Layout of the demonstration environment

4 Plan Execution

Plan execution is a crucial part of plan-based robot control in dynamic environments. The planned actions need to be dispatched on the robot at the right time and the nominal behaviour should be monitored. A hybrid representation has many advantages for plan execution, too. The temporal requirements can explicitly be modelled with relations from Allen’s interval algebra with metric bounds. For example, for the grasp-action we can represent the effect that the robot should start holding the mug during grasping and that it should continue to hold it until the place-action is used later in the plan. This way, an execution failure where the mug has slipped trough the gripper can be detected early.

CHIMP can dispatch plans by directly using the constraint network that has been used for plan generation. For this it currently employs a time-line based approach that depends on temporal information and action results. The constraint network that represents the plan is permanently updated as time passes and actions are finished. An action is dispatched as soon its earliest start time is less than the current time.

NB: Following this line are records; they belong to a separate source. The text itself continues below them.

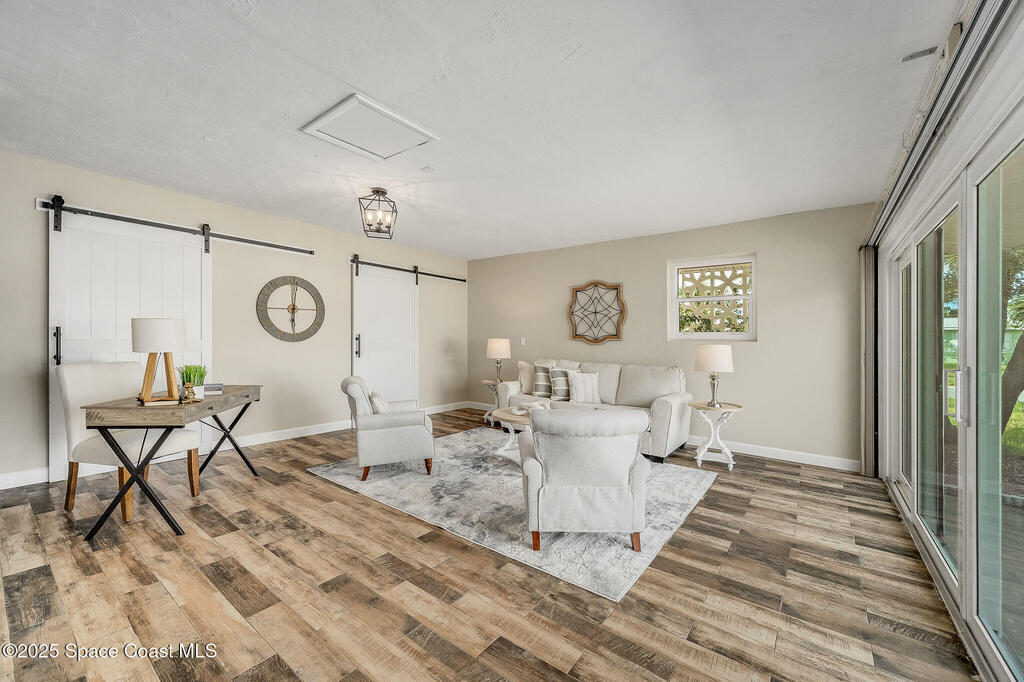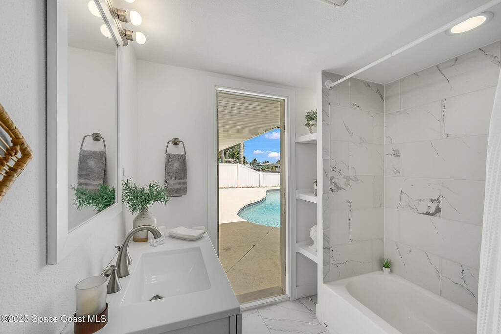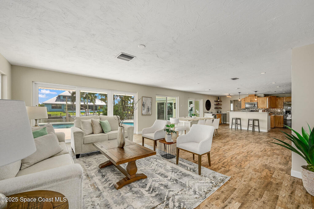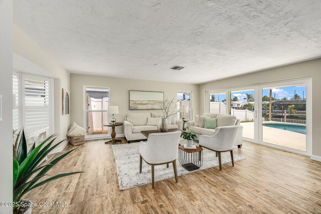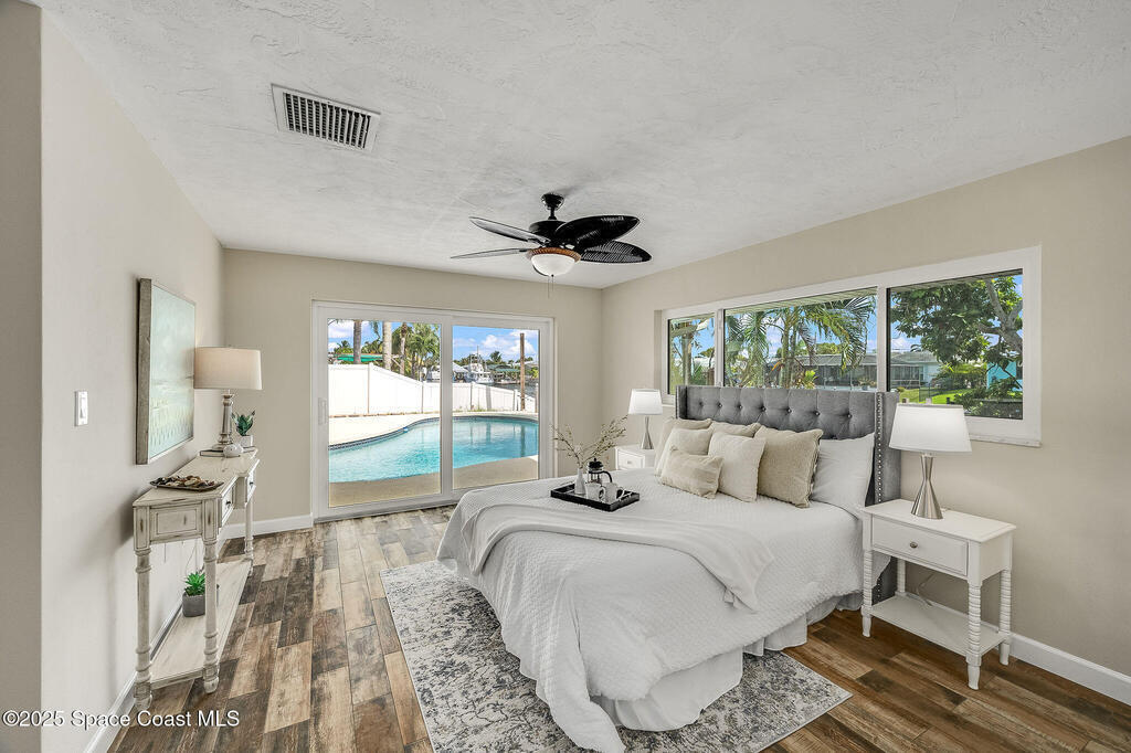 Experience coastal elegance in this stunning sanctuary. Nestled on a deep-water, wide, canal, this waterfront retreat offers breathtaking views, sunsets and direct boating access to the Banana and Indian Rivers. The backyard oasis features a sparkling pool with serene water vistas, perfect for relaxing or entertaining. Inside, an open concept design flows seamlessly through the kitchen, living, and dining areas, all capturing panoramic water views. A spacious 19x17 bonus room offers endless possibilities--ideal for a home office, gym, or additional bedroom that could also be turned back into a two car garage. The luxurious primary suite provides a private waterfront escape with an elegant en-suite bath. Peace of mind is ensured with all hurricane impact windows and sliders installed recently. Embrace Florida's coastal lifestyle at its finest in this exceptional residence. Roof 2014, windows and sliders 2023, deck, dock addition and seawall 2007.
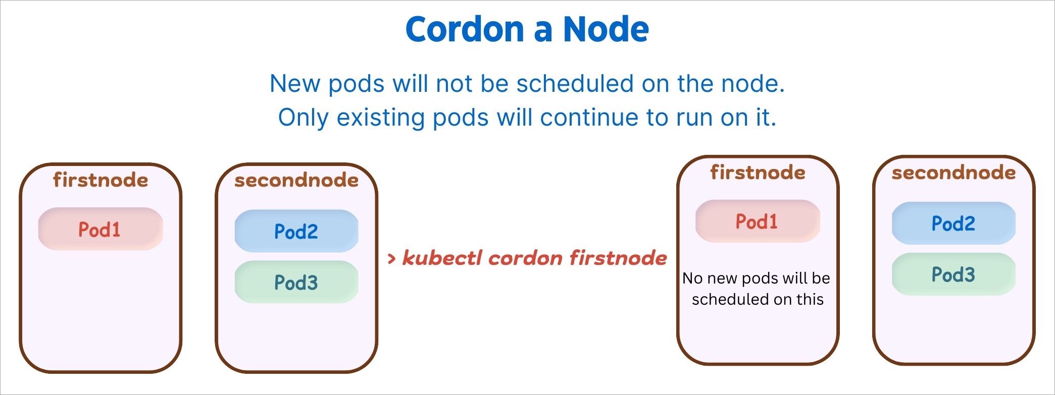 Your applications run on pods, and pods run on nodes. But sometimes, Kubernetes scheduler cannot deploy a pod on a node for several reasons, e.g., node is not ready, node is not reachable, network is unavailable, etc. In such cases, node operations help you manage the nodes better.
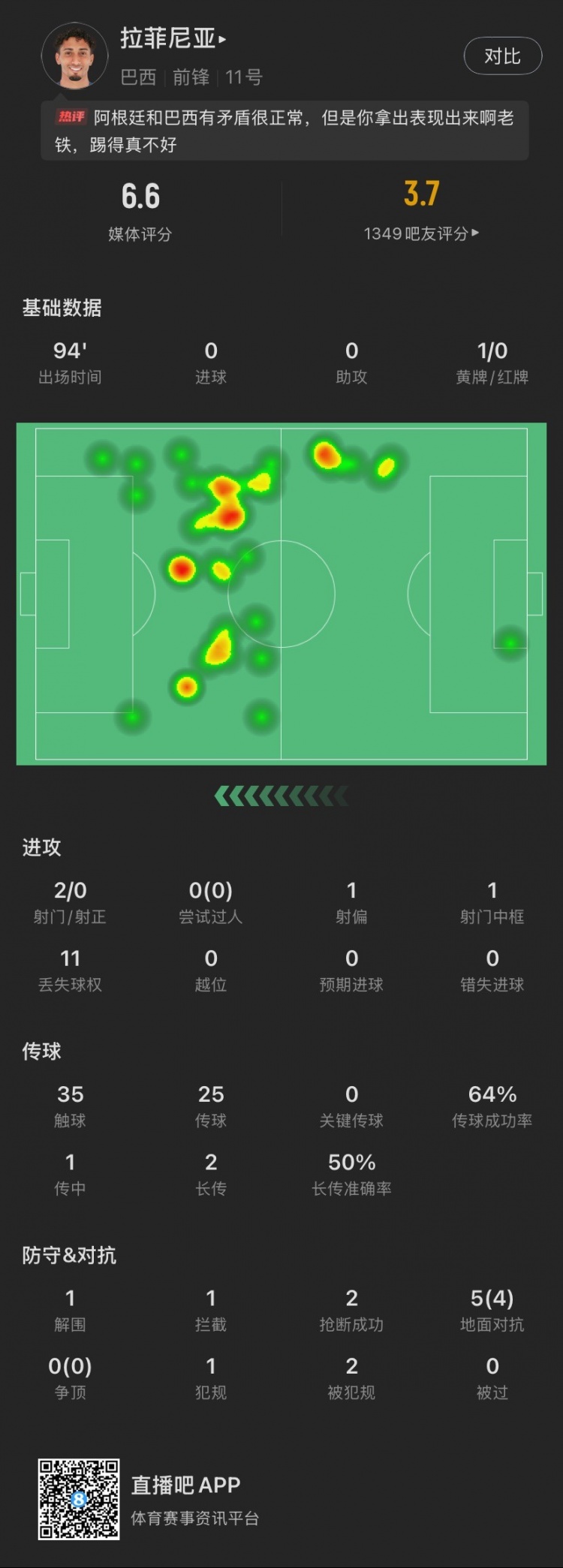 - 白放狠話了?拉菲尼亞本場:2射0正1中框,1黃牌,5次對抗成功4次
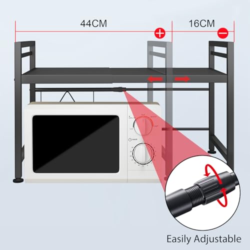 - قابل للسحب والتعديل: يقف رف الميكروويف القابل للتعديل ذو المستويين القابل للتعديل للمطبخ من 15.7 انش إلى 23.6 انش، ويمكن تعديل الارتفاع بـ 3 مستويات.
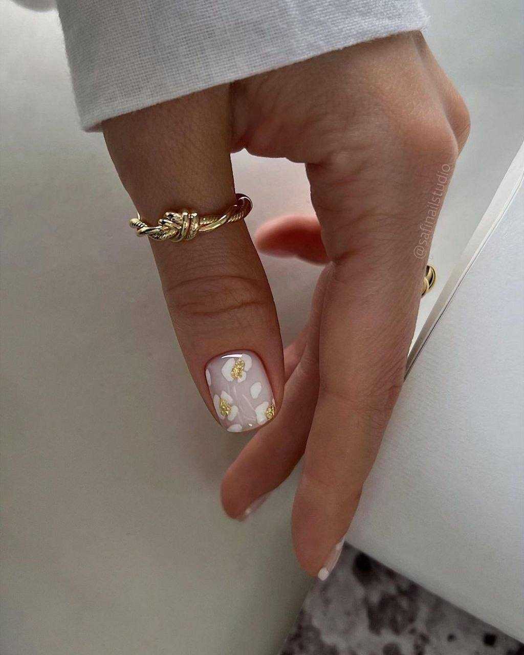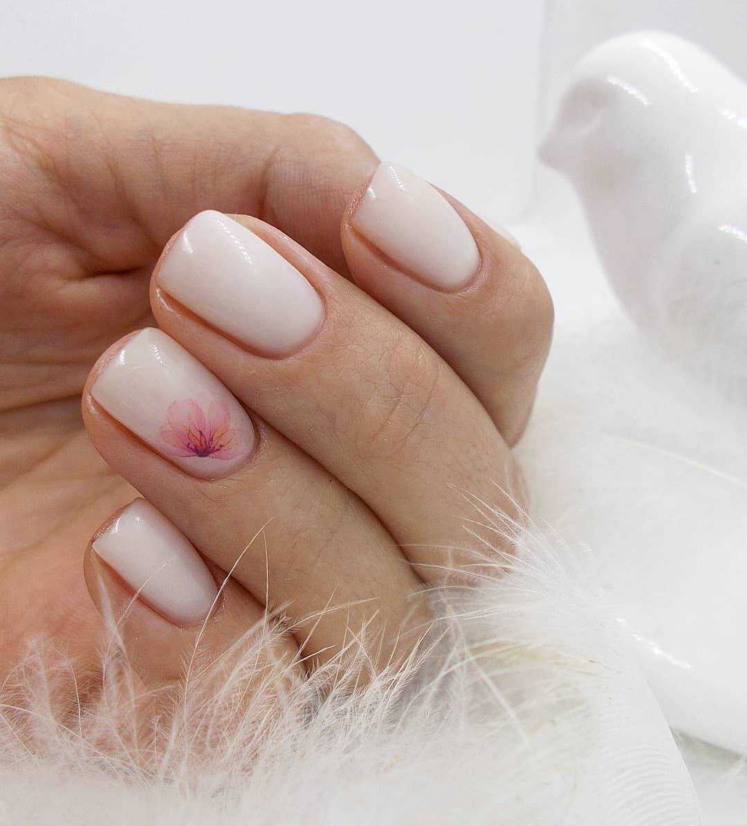 На короткой длине на одну из ногтевых пластин можно добавить несложные цветочные рисунки, выполненные мастером или воспользоваться готовыми стикерами.
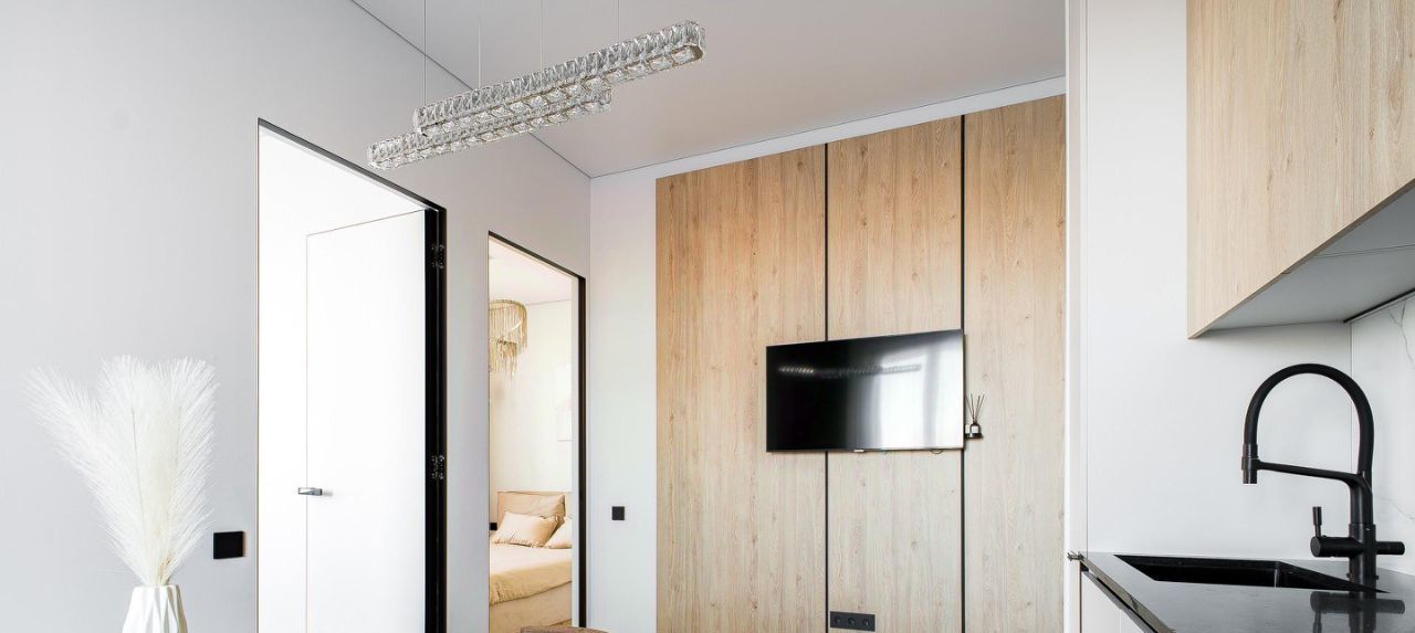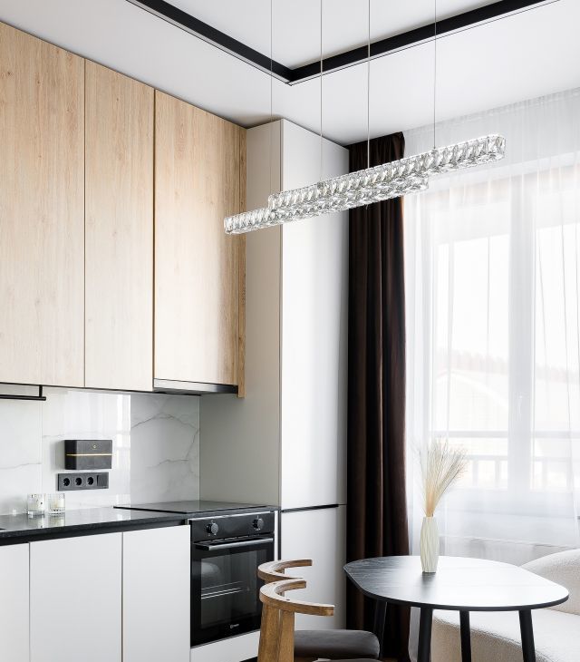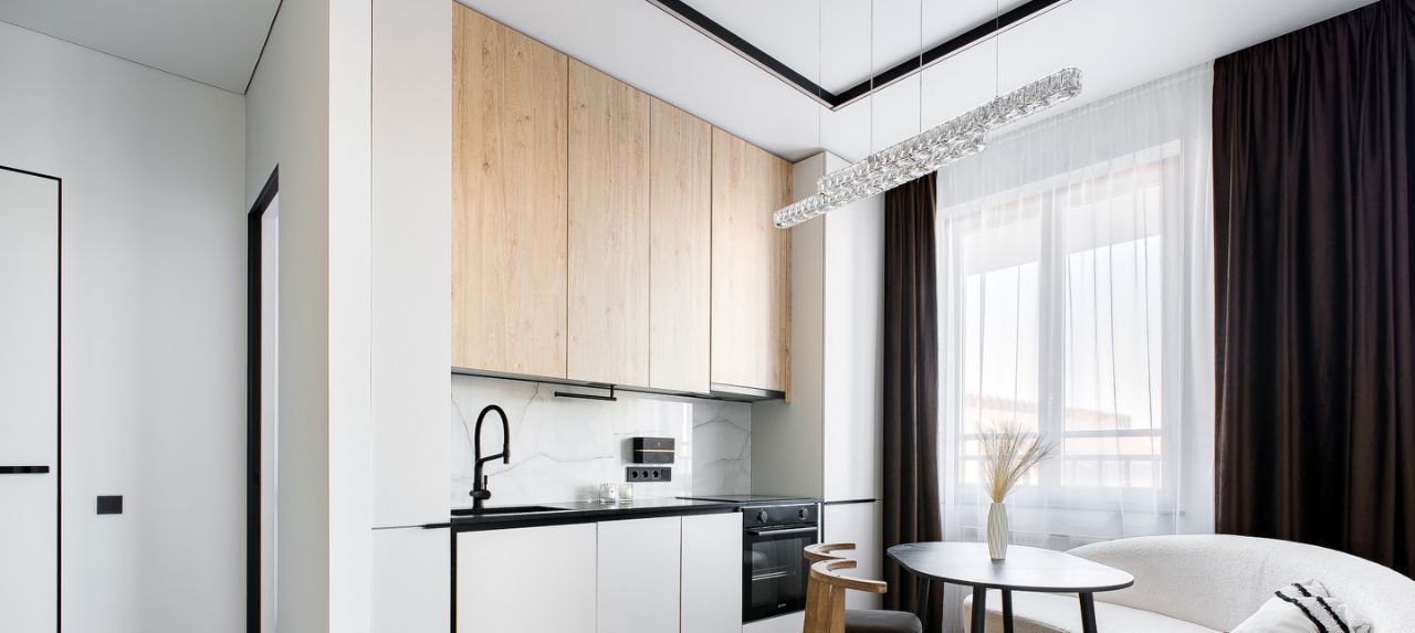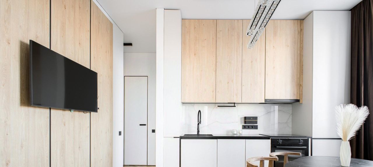 - кухня-гостиная с дизайнерским диваном и телевизором (фото 1, фото 7-14)
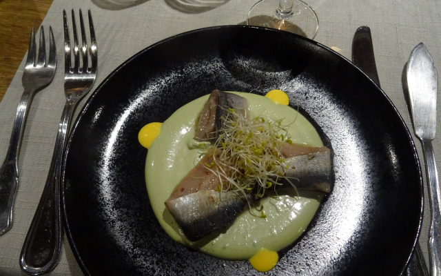 Au menu, apéritif, filet de sardines marinés au vinaigre de framboise, mayonnaise à la chlorophylle, coq au vin et sa garniture bourguignonne, crème brûlée à l’anis de Flavigny, quelques bons vins à consommer avec modération , café et crémant
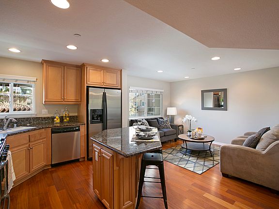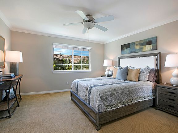 Enjoy the Carlsbad Lifestyle in this Immaculate, charming town home in the desirable newer coastal community of The Bluffs! Just the right touch of elegance and comfort, this bright 4 bedroom, 2.5 bath home features rich wood flooring, crown molding, open kitchen w/granite counters and island, spacious rooms and generous storage. 2 car attached garage. Walking distance to scenic Agua Hedionda Lagoon, close to freeways, Carlsbad Village and popular beaches! First time on the market, this stunning 1842 square foot home was built in 2007 and is nestled in a prime interior location overlooking expansive green belt and mature trees, well manicured landscape and a private patio to enjoy this peaceful setting. Fresh neutral paint throughout makes this home move-in ready! Spacious floor plan includes open concept living and dining roomw/coffered ceilings, extensive windows and recessed lighting, cozy fireplace w/mantel. Entertain in style with open gourmet kitchen that features stainless steel appliances, granite counters and island and generous storage including pull-outs in the pantry. Family/Flex room is off kitchen for maximum design options. Guest/Powder room and deep closet that wraps under stairs complete the main level. Relax and unwind in the Master Suite complete w/mirrored walk-in closet and large window to enjoy pleasant views and breezes. Master Bath features deep Jacuzzi tub, dual sinks, travertine shower and tile floor. Secondary bedrooms, Bath w/granite counters and glass enclosed travertine framed tub and linen space complete the second level. Two car garage has direct access to large 4 th bedroom/private office that boasts oversized closet and laundry area. All bedrooms have ceiling fans w/lighting. A/C. Low HOA! Beautifully maintained, newer community offers pool, spa, Clubhouse that can be rented for parties and gatherings, RV/Boat/Jet Ski rental space available, Bocci and Volleyball. Live the good life at 4037 Bluff View Way!
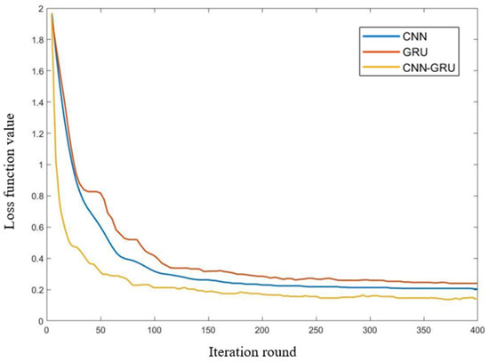 The comparison of results in Table 3 shows that both the training performance and prediction accuracy of the CNN–GRU model were significantly superior to those of the CNN and GRU models. By the time the iteration reached 120 rounds, the loss function value of the CNN–GRU model was reduced to below 0.12. Additionally, the RMSE value of the CNN–GRU model on the test set was 0.4472. The above results fully demonstrate that the CNN–GRU model has better performance in processing multi-dimensional and time-series data, and can be selected as the data-driven model for the online control method of reactive power and voltage.
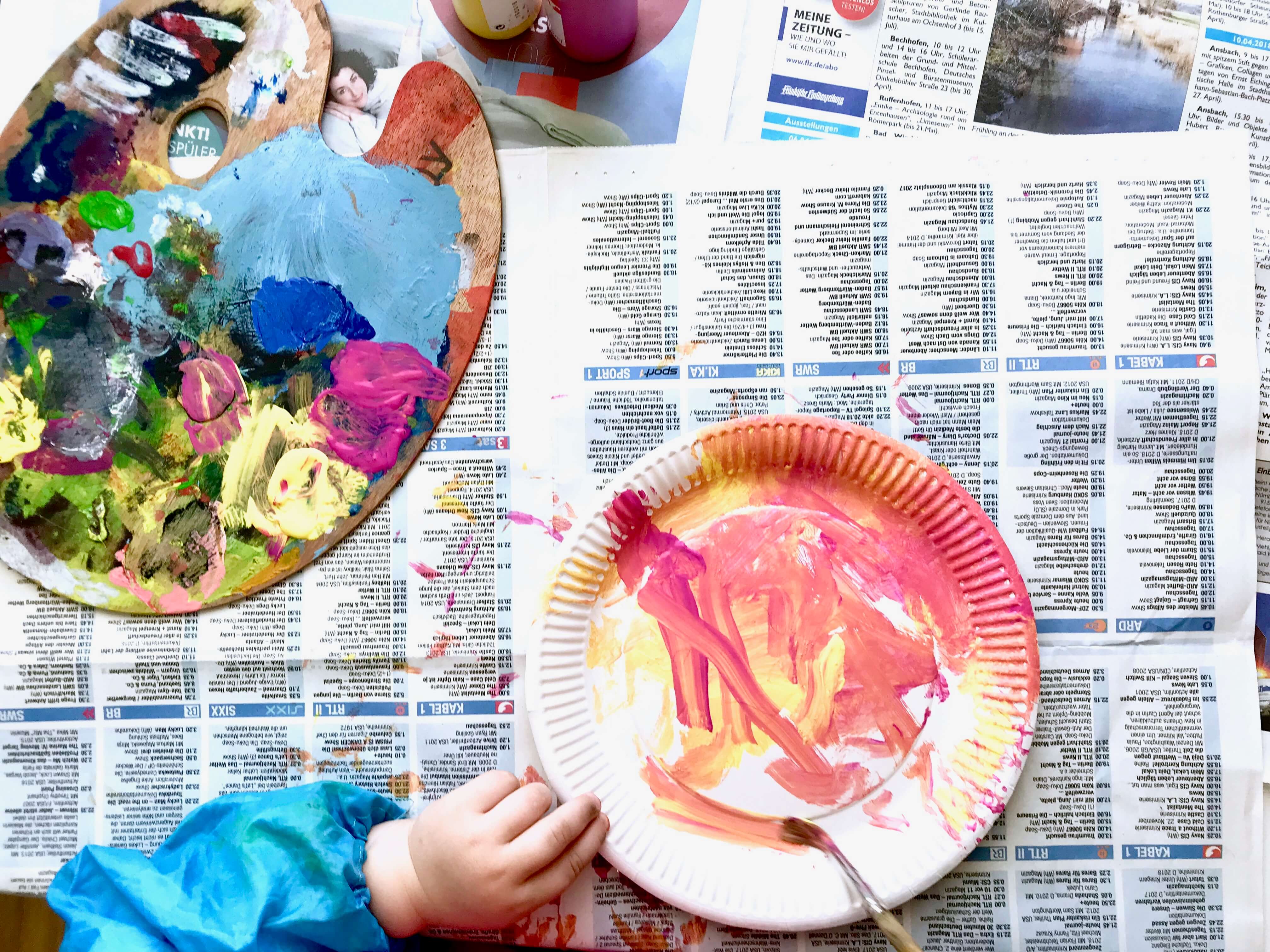 Muttertagsbastelei mit Kleinkind – Pappteller-Fotoblumen

This close connection of planning and plan execution that uses the same constraint network even allows to extend the plan during execution. CHIMP can include new goal tasks into an existing plan at execution time [11]. This has been shown in a scenario where the robot was initially given the task of moving coffee1 to the guest’s table. After CHIMP generated a plan and the robot started driving, another goal task to also bring milk1 to that table was given. Thanks to its partial-order planning capabilities CHIMP was able to merge a plan for the second task into the existing plan. The robot did not even need to be stopped but continued executing the plan. For this plan merging CHIMP uses a second strategy for planning non-primitive tasks: it tries to unify new (sub-)tasks with existing ones. In the new plan the robot moves both objects at the same time, but respects the resource constraints that it can only grasp one object at a time and schedules those two grasping tasks to execute them consecutively.

5 Conclusion and Outlook

The presented dissertation discusses how hybrid reasoning and hierarchical planning are combined in the new planner CHIMP that incorporates the advantages of both approaches for mobile robots. Its expressive domain representation language is useful for plan generation as well as plan execution. Currently, it can reason about causal, temporal and resource knowledge and make use of knowledge provided by external reasoners. As it is based on the more general meta-CSP reasoning approach, it can even be extended with other forms of knowledge, which is demonstrated in the thesis by examples of additional domain-specific meta-constraints. In future work it could also make sense to integrate spatial reasoning. This extensibility is an advantage CHIMP has over other hybrid planners like FAPE [1] that combines temporal and hierarchical planning and the hierarchical timeline-based planner EPSL [12]. Despite its hybrid search space, CHIMP’s hierarchical planning approach keeps planning time low so that it can be used online on the robot.

Another important aspect of plan-based robot control is the tight integration of planning and execution. The constraint network that represents the plan can be used for dispatching actions on the robot. This also allows to integrate and plan additional tasks into an existing plan without the robot having to stop. Furthermore, the thesis presents means for a close coupling of an off-the-shelf hierarchical planner and a semantic execution monitoring approach, which allows to create a more abstract plan that is refined at execution time. In future work we will investigate how such a tight coupling can be extended and integrated into CHIMP.